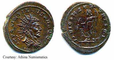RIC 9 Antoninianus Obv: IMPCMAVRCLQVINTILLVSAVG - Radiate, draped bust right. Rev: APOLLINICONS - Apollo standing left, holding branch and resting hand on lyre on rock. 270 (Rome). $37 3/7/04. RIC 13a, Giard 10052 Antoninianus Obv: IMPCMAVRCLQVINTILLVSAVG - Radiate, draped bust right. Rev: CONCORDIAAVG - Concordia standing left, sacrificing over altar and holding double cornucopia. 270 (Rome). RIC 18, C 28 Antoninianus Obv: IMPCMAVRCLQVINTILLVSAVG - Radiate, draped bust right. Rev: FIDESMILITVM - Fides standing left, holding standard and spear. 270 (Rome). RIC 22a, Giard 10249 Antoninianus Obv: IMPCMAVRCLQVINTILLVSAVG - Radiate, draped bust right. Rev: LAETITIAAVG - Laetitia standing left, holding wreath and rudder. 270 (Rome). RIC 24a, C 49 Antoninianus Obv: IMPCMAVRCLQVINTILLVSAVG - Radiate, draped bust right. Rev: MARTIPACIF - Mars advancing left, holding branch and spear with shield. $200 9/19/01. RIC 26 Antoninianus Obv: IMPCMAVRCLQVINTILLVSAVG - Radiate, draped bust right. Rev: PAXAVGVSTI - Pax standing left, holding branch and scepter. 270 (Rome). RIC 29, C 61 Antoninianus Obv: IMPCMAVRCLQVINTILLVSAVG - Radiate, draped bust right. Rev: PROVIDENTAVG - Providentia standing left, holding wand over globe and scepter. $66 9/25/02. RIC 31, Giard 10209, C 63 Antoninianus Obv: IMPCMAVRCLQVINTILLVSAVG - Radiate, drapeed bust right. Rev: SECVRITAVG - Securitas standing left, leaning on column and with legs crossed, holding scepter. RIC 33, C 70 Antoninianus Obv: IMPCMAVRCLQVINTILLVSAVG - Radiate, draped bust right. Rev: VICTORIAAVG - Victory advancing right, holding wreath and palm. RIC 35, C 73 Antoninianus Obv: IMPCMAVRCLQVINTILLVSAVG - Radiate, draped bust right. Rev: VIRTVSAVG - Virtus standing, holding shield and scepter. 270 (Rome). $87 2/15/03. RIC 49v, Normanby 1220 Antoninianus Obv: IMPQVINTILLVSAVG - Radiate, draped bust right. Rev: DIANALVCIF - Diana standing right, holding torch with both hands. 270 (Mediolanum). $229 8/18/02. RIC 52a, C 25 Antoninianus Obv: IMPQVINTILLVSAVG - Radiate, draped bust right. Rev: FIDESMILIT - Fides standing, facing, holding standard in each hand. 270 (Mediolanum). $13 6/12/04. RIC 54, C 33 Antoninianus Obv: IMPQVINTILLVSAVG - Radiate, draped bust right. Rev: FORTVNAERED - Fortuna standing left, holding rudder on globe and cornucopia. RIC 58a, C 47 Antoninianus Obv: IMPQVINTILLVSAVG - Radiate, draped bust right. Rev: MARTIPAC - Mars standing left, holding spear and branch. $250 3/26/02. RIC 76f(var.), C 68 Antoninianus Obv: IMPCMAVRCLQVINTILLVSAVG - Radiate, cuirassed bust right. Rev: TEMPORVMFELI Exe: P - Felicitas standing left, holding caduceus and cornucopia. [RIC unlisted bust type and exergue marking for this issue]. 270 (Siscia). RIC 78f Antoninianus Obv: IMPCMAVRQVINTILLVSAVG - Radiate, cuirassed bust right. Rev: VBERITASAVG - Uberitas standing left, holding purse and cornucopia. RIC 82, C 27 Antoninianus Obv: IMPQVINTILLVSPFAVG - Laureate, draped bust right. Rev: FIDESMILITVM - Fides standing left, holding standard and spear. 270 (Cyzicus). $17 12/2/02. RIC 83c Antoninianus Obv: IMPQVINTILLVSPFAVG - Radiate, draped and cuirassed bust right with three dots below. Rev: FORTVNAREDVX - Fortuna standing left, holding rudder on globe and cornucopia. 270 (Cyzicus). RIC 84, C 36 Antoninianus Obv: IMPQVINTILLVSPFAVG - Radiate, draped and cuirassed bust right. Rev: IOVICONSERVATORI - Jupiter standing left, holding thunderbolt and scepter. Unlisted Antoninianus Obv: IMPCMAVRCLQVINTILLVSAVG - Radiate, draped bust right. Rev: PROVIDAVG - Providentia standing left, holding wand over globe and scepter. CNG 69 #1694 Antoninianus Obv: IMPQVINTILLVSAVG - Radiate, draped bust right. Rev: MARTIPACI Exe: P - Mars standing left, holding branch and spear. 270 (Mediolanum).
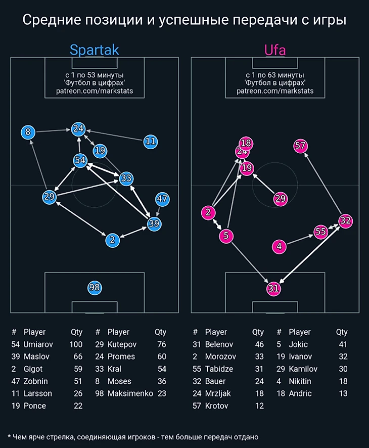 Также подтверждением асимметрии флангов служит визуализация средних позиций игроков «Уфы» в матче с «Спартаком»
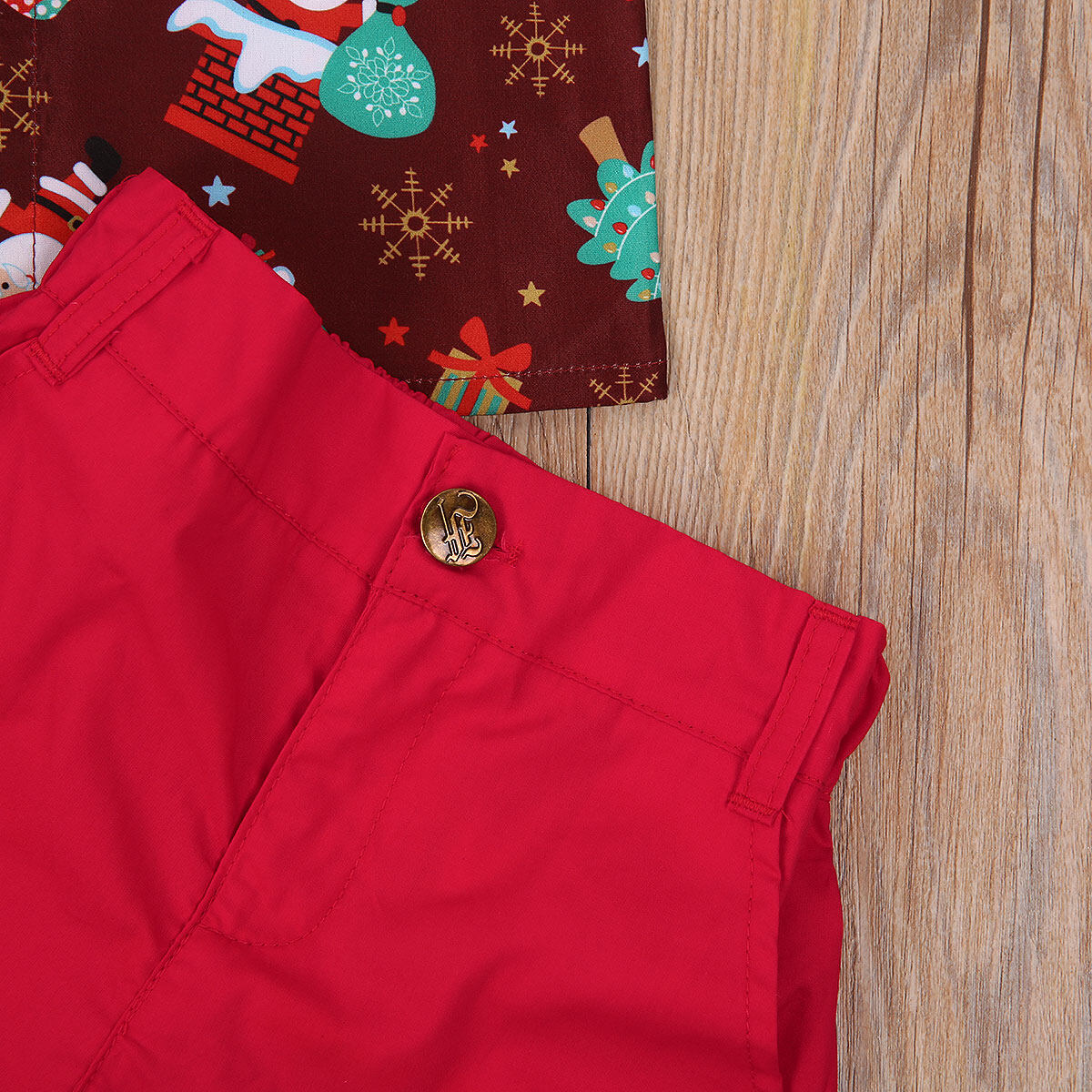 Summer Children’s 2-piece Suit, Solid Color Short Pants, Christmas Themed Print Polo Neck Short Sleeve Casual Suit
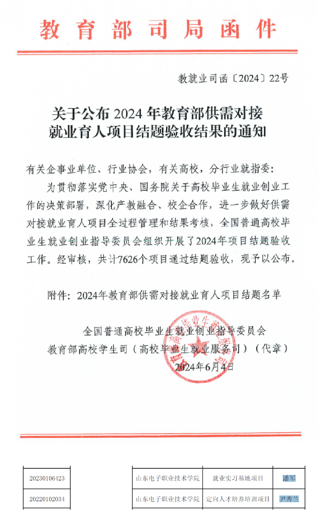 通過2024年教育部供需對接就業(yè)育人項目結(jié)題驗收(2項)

--

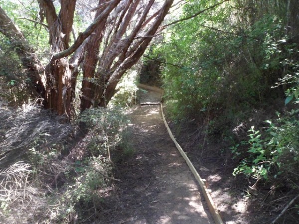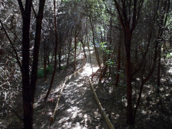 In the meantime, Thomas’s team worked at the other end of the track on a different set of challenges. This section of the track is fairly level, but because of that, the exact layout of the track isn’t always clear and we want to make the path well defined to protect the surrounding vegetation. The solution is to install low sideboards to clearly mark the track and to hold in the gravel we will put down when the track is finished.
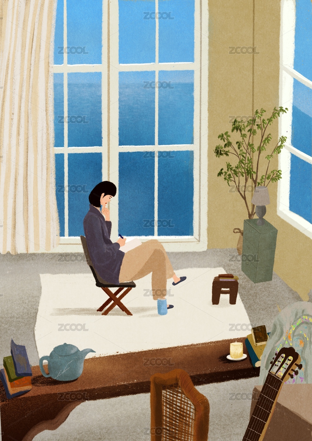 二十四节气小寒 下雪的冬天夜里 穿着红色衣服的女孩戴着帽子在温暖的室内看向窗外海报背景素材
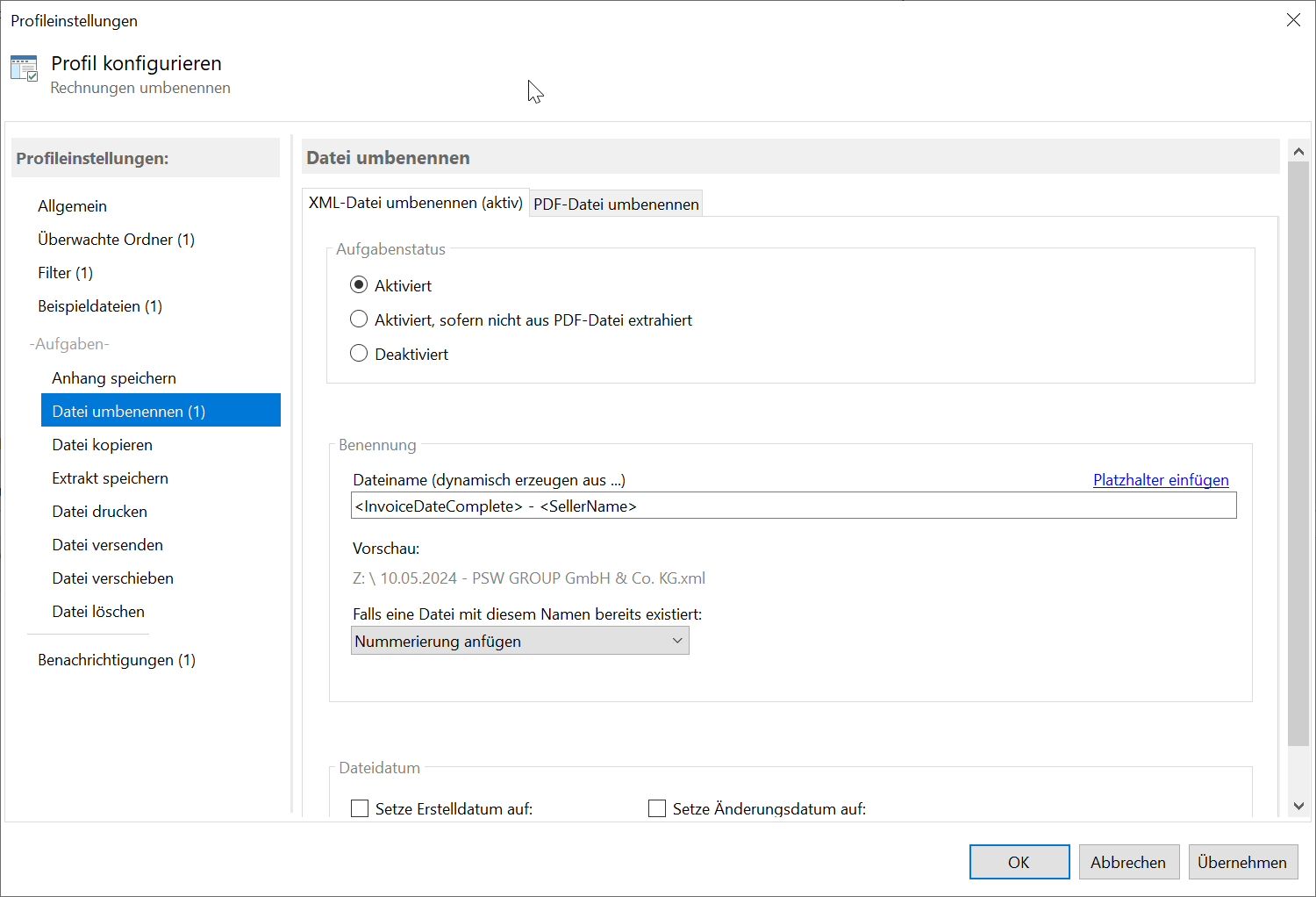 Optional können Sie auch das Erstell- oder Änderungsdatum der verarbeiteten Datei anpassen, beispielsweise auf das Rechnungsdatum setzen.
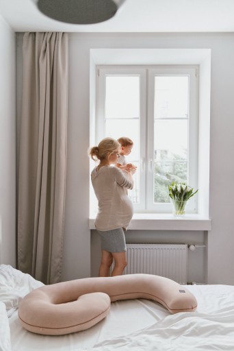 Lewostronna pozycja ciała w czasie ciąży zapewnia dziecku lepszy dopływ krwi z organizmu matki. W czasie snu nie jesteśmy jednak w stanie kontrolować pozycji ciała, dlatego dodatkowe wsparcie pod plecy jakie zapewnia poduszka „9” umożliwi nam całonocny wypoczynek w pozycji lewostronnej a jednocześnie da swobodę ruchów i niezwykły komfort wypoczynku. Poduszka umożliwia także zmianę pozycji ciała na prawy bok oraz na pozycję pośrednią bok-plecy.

---

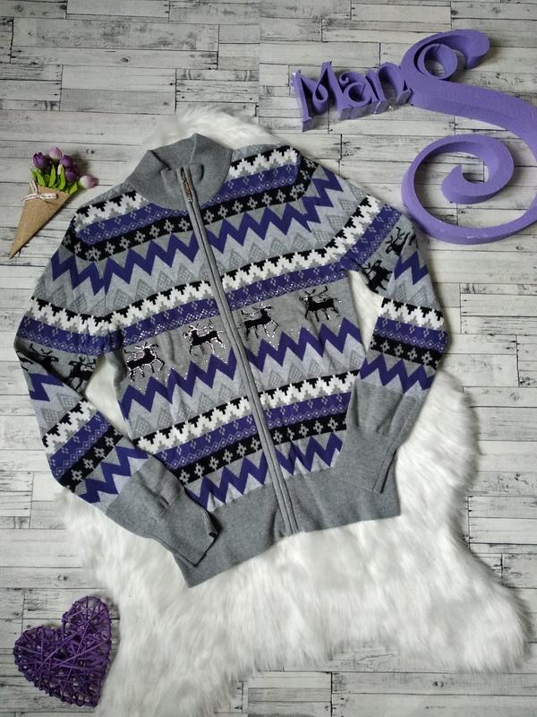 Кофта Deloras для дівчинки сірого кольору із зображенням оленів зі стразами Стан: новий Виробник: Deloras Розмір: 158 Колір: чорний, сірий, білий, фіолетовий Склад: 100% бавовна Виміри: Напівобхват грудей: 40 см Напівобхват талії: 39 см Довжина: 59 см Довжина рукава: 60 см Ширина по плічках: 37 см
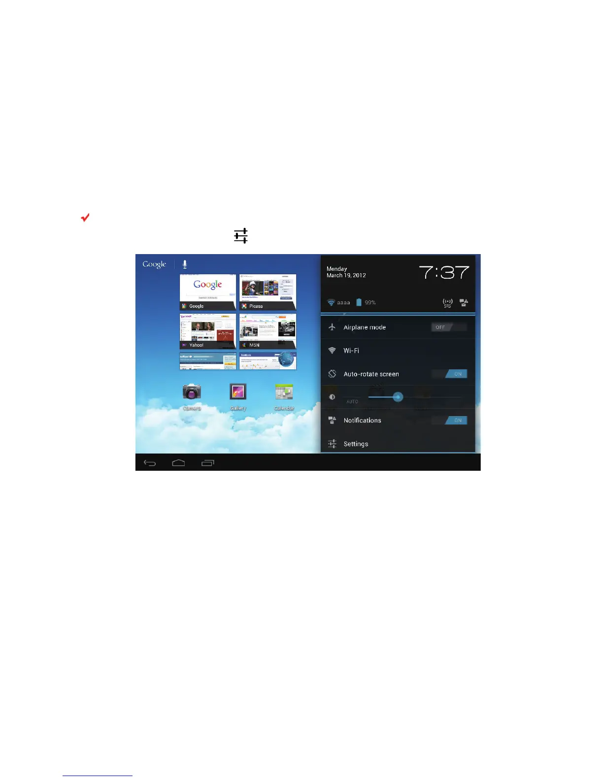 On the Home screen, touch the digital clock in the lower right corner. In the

**Task details**
Begin at the line in the entries above that has "二十四节气小寒 下雪的冬天夜里 穿着红色衣服的女孩戴着帽子在温暖的室内看向窗外海报背景素材", stop after the line that has "Optional können Sie", and output exactly those lines without pictures.

**Task solution**
 二十四节气小寒 下雪的冬天夜里 穿着红色衣服的女孩戴着帽子在温暖的室内看向窗外海报背景素材
 Optional können Sie auch das Erstell- oder Änderungsdatum der verarbeiteten Datei anpassen, beispielsweise auf das Rechnungsdatum setzen.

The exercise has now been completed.